Metropolitan News-Enterprise

 

Thursday, July 31, 2008

 

Page 3

 

Court of Appeal Justice William D. Stein to Retire

 

By STEVEN M. ELLIS, Staff Writer

 

Court of Appeal Justice William D. Stein of the First District’s Div. One has announced that he plans to step down August 31 after 24 years on the bench and join ADR Services Inc. as a private judge.

Stein, 67, told the MetNews that it had taken him a year to arrive at the decision, which was “not easy,” but he said that the time in life had come for him to move on after 20 years on the Court of Appeal.

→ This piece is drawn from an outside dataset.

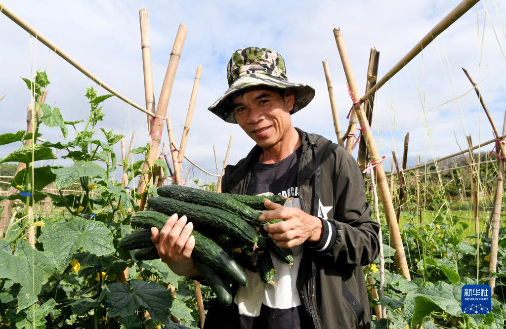 海南省三亞市育才生態(tài)區那受村農戶(hù)董政強展示剛采摘的青瓜(2月2日攝)。

“There comes a time when you have to stop kidding yourself,” he remarked self-deprecatingly, adding that his plans after retirement are to first “get some rest” and then travel before beginning his new job.

Stein was appointed to the Court of Appeal by then-Gov. George Deukmejian in 1988, but first joined the bench in 1984 when Deukmejian appointed him to the San Francisco Municipal Court. A year later, Deukmejian again tapped Stein for a seat on the San Francisco Superior Court.

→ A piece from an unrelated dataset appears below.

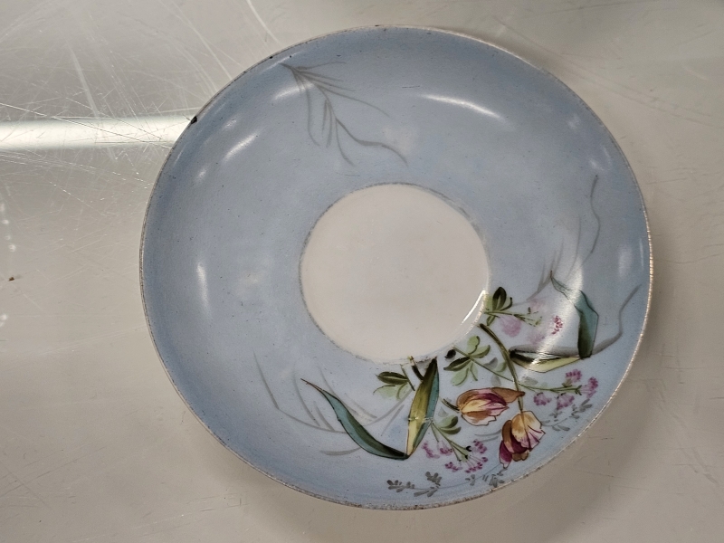 Väreissä kulumaa mutta ei paloja pois. Kupin halkaisija 9cm

He has since served on the California Judicial Council, as a member of the committees on Court Management and State Funding of Trial Courts and on the Federal-State Judicial Council.

A fourth generation native San Franciscan, Stein graduated from college at San Francisco State University in 1962, and then from Hastings College of the Law in 1965.

He joined the California Attorney General’s Office in San Francisco after graduation where—after earning admission to the State Bar of California the following January—he specialized in appellate cases. Stein later became a senior assistant attorney general and, just prior to his first bench appointment, served as the chief assistant attorney general in charge of the Criminal Division.

He also served from 1966 to 1969 in the U.S. Army Reserve, and then for the next 14 years as a member of the U.S. Navy Reserve’s Judge Advocate General Corps, ultimately attaining the rank of commander.

Stein said that his retirement marked the “culmination of a career” with the First District, pointing out that his first appearance as an attorney in 1966 was before the very court from which he was now retiring.

Noting also that both of his research attorneys had served with him for 20 years, Stein commented that his close relationship with his staff and colleagues on Div. One was the aspect of the position he would miss most.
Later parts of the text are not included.